On September 13, we’ll receive Consumer Price Index data for August, after broadly encouraging data for the prior two months.
In recent statements, Federal Reserve officials have largely downplayed the chances of an interest rate hike on September 20. However, September and October’s CPI numbers in combination will inform whether the Fed decides to make what might be a final increase in short-term rates on November 1.
The bond market doesn’t see a November hike as too likely, giving it about, a 1 in 3 chance currently, but if the next two CPI reports show inflation running hot, especially in the service and shelter categories that the Fed is watching closely, then the chance of a November hike could increase. Nowcasts, currently estimate that the month-on-month inflation rate could accelerate in the two upcoming CPI releases and it remains to be seen what the Fed will tolerate before another potential interest rate hike.
Nowcasts of CPI inflation as estimated by researchers the Cleveland Fed is calling for a sharp spike in the month-on-month inflation in August CPI to almost 0.8%, in part due to gasoline prices moving up over 6% month-on-month in August.

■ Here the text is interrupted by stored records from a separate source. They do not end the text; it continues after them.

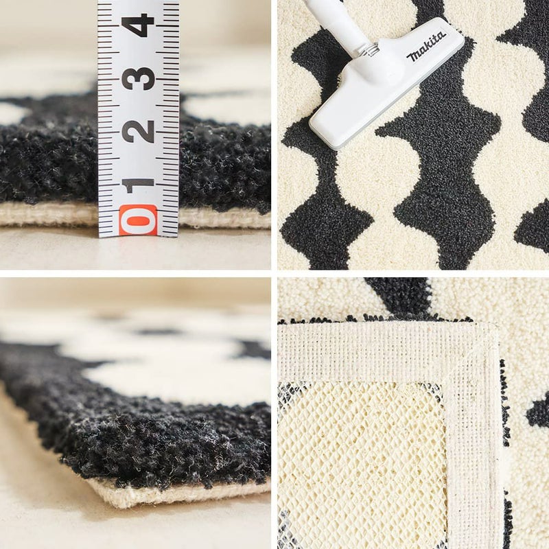 パイルの長さは15mmと床の硬さを感じさせないしっかりとした厚み。裏面は滑りにくい加工付き。ズレにくいので、お子様がいるご家庭でも安心です。
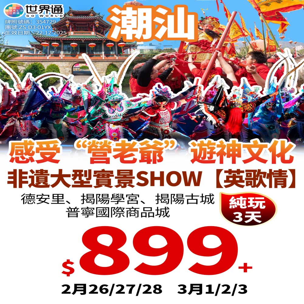 西九龍來回,汕頭/潮州/揭陽/雙海島皆有,牛肉火鍋、海鮮餐、鹵水鵝宴輪番上陣,打卡南澳島、潮州古城、龍湖古寨,美景美食兩不誤
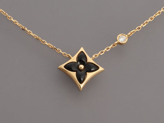 Louis Vuitton 18K Yellow Gold Onyx and Diamond Color Blossom BB Star Pendant Necklace
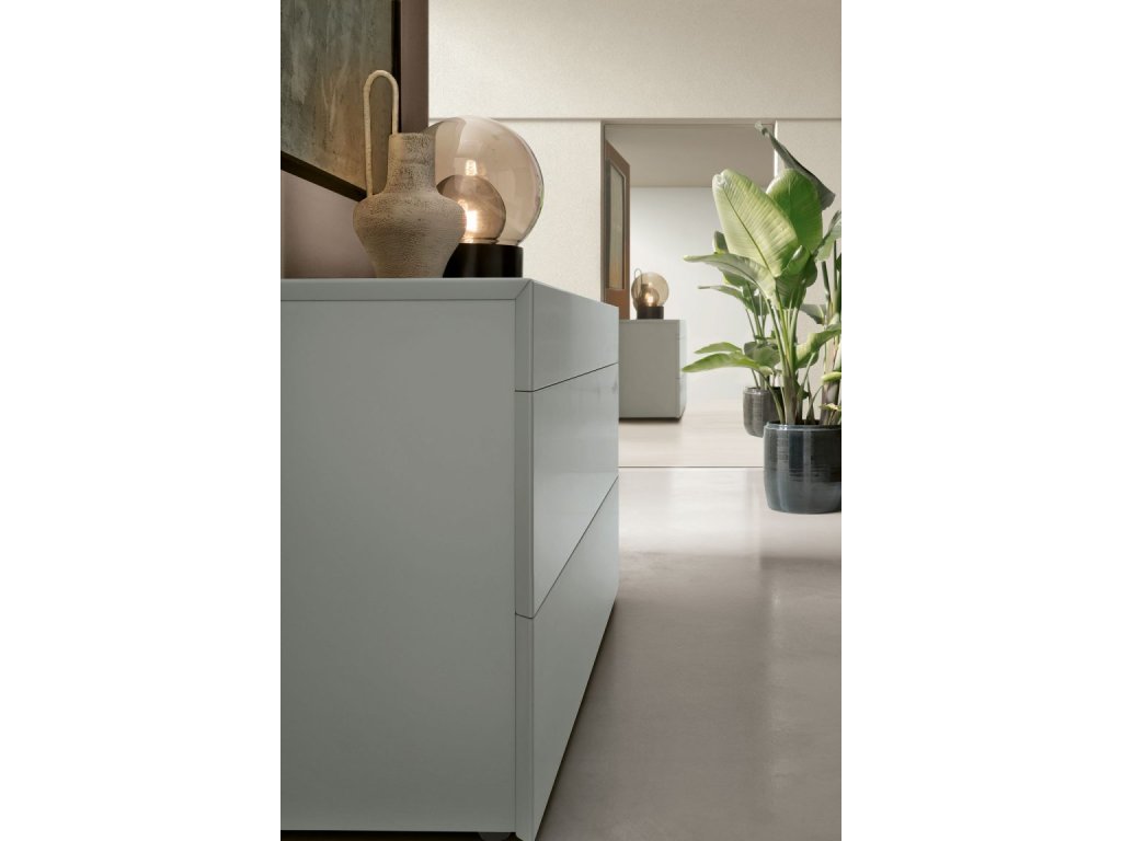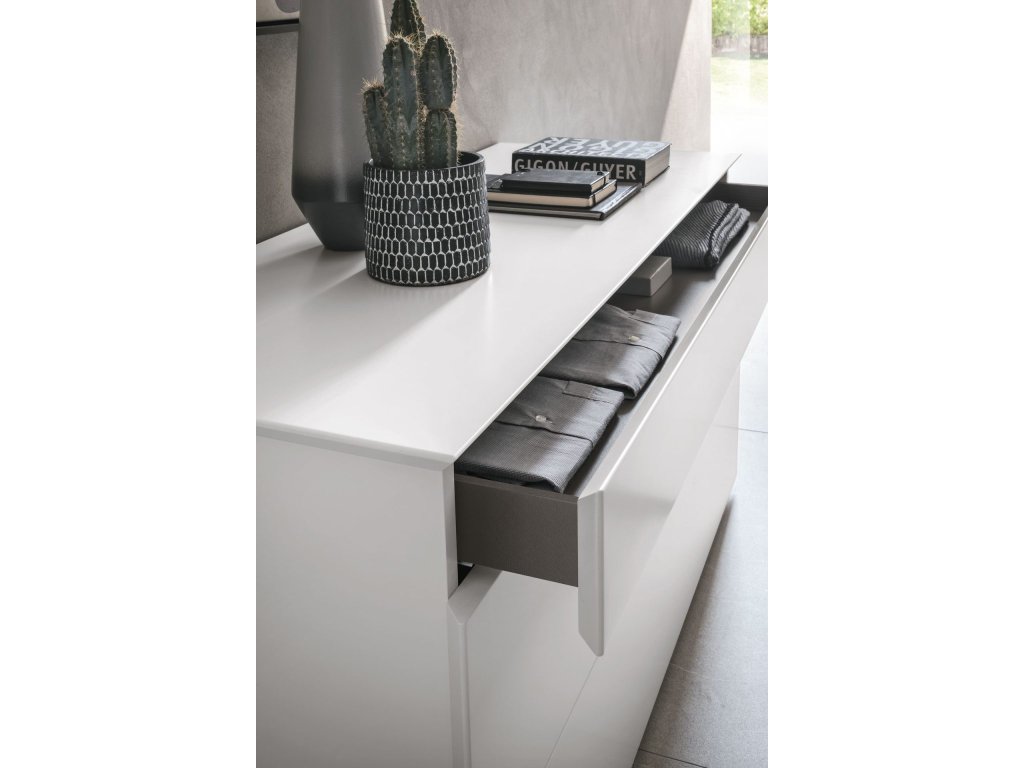 Skupina se na první pohled prezentuje zřejmou lineárností, ve skutečnosti však její charakter podtrhuje šikmý řez tloušťky zásuvek i desky. Vybavení pasparty pro všechny typy.
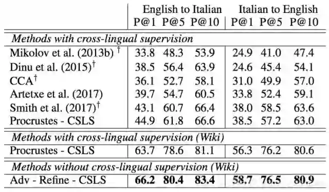 随着词嵌入的成功,跨语言词嵌入的想法也出现了,目标是对齐嵌入空间而不是词典。不幸的是,这种方法也依赖于双语词典或平行语料库。Conneau et al·(2018)提出了一个非常有前景的方法,不依赖于任何特定的资源,且对于多个语言对的次翻译、句子翻译检索和跨语言单词相似度任务上优于监督学习的方法。
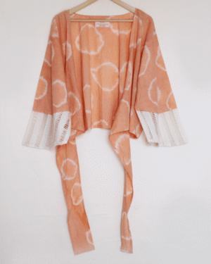 Bageeya's "Katha" Breezy tie-up indulges in effortless style featuring romantic bell sleeves of lace fabric. Made from breathable Organic Cambric cotton, this top is perfect for warm days. Look closer and discover the unique charm - the fabric is dyed using a time-honored technique with Ayurvedic herb Catechu, all-natural and kind to the environment. Crafted from pure Cambric cotton, our Breezy tie-up tops offer unparalleled comfort and breathability. The fabric is luxuriously soft against the skin, making it ideal for warmer weather. But what truly sets this top apart is its remarkable dye story. We use a traditional tie-and-dye technique to infuse the fabric with vibrant colors derived from natural sources - Catechu. This eco-conscious approach not only creates stunning visual effects but also helps reduce marine pollution caused by synthetic dyes. The Katha Breezy tie-up is a beautiful fusion of comfort and style. The relaxed silhouette features a charming

However, stripping out food and energy, core CPI is estimated at 0.4% month-on-month. That would be higher than the prior two month’s readings, but the Fed will be looking past the headline figures to underlying trends in several key categories. It is also worth noting that in recent months, nowcast estimates have tended to overstate actual CPI inflation, despite a relatively robust long-term forecasting record.
What The Fed Is Watching For
Aside from the overall level of inflation, the Fed will be particularly interested in inflation for services. Services includes a range of categories such as medical care and financial services. Their concern is that services prices have continued to rise driven, in part, by rising wage costs, which are a key cost in delivering most services. As wages growth appear to be dropping back, services prices might moderate too. The Fed is still watching the data closely for trends here, though recent data has been fairly encouraging.
Secondly, the Fed is concerned about home price trends. The CPI picks up with housing costs with a lag to the latest home prices, because a lot of the pricing data comes from lease rates, which are measured using a panel approach and leases often only reprice annually. Both of these measurement techniques mean that CPI data on shelter costs is slow to follow the latest trend in home prices by at least several months.
Here the Fed is reasonably confident that shelter costs should see some disinflation as the drop in home prices in late 2022 and early 2023 as mortgage costs rose relatively steeply becomes reflected in CPI figures after a lag.
However, since the spring, home prices in aggregate, have rebounded somewhat. Since shelter costs are such a large component of inflation, if prices don’t flatten out or decline in this category, then the Fed has suggested it could move rates higher.
What To Look For
It would likely take very concerning CPI numbers on September 13 for the Fed to look to move rates higher on September 20. That’s after a range of recent Fed statements that signaled some patience before any further rate moves. However, if CPI inflation doesn’t show some disinflation in services and shelter costs, then the Fed may start to prepare the market for a rate increase at their November meeting. If we see reassuring inflation figures, it’s possible that we’re already at peak interest rates for this cycle.